(Data for this exercise)
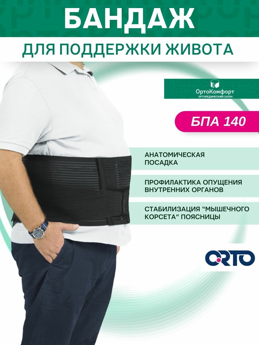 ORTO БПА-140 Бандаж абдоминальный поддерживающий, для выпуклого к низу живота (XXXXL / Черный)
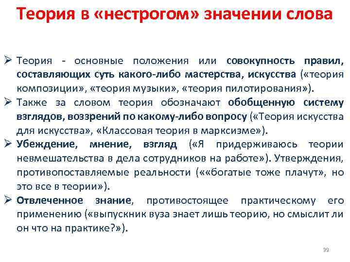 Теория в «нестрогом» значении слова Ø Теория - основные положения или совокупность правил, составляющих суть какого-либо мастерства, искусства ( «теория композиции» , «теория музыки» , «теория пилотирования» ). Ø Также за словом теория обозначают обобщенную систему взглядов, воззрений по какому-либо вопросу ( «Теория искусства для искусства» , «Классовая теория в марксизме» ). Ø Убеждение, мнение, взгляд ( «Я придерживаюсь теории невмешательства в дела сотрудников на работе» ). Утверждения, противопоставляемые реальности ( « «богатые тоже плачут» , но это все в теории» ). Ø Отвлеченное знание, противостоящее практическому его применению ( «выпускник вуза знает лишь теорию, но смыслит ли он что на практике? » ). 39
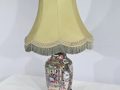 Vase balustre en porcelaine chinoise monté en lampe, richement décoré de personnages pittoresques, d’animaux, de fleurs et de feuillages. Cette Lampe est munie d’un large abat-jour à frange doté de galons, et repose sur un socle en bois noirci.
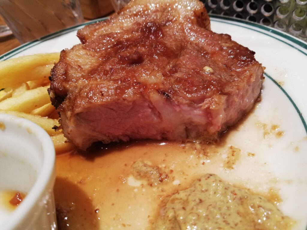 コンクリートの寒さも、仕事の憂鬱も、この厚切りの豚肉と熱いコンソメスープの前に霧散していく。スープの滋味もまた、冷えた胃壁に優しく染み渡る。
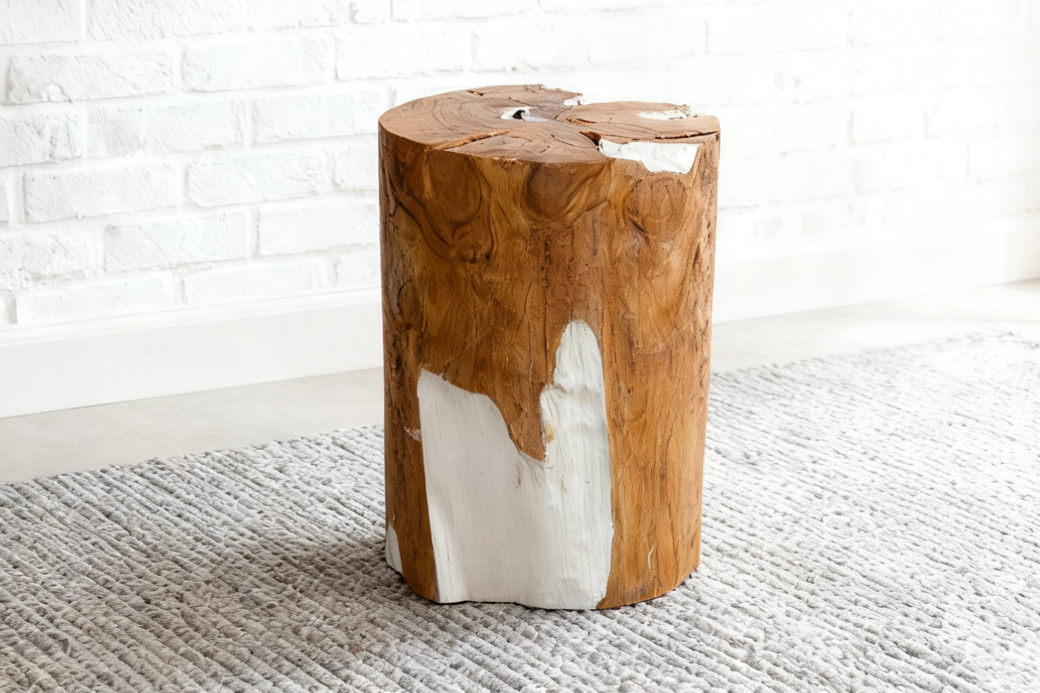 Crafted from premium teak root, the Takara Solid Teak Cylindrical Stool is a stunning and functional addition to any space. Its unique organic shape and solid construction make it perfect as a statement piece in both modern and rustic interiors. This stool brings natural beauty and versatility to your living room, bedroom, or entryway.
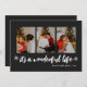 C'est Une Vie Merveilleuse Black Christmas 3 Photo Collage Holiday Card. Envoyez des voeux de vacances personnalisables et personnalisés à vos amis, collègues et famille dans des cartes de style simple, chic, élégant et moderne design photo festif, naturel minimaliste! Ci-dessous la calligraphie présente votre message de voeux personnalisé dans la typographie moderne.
(End Data for this exercise)
#### Work instructions
Leave the pictures out. Extract exactly the lines running from the one with "Crafted from premium" through the last entry, both ends included.

#### Exercise answer
 Crafted from premium teak root, the Takara Solid Teak Cylindrical Stool is a stunning and functional addition to any space. Its unique organic shape and solid construction make it perfect as a statement piece in both modern and rustic interiors. This stool brings natural beauty and versatility to your living room, bedroom, or entryway.
 C'est Une Vie Merveilleuse Black Christmas 3 Photo Collage Holiday Card. Envoyez des voeux de vacances personnalisables et personnalisés à vos amis, collègues et famille dans des cartes de style simple, chic, élégant et moderne design photo festif, naturel minimaliste! Ci-dessous la calligraphie présente votre message de voeux personnalisé dans la typographie moderne.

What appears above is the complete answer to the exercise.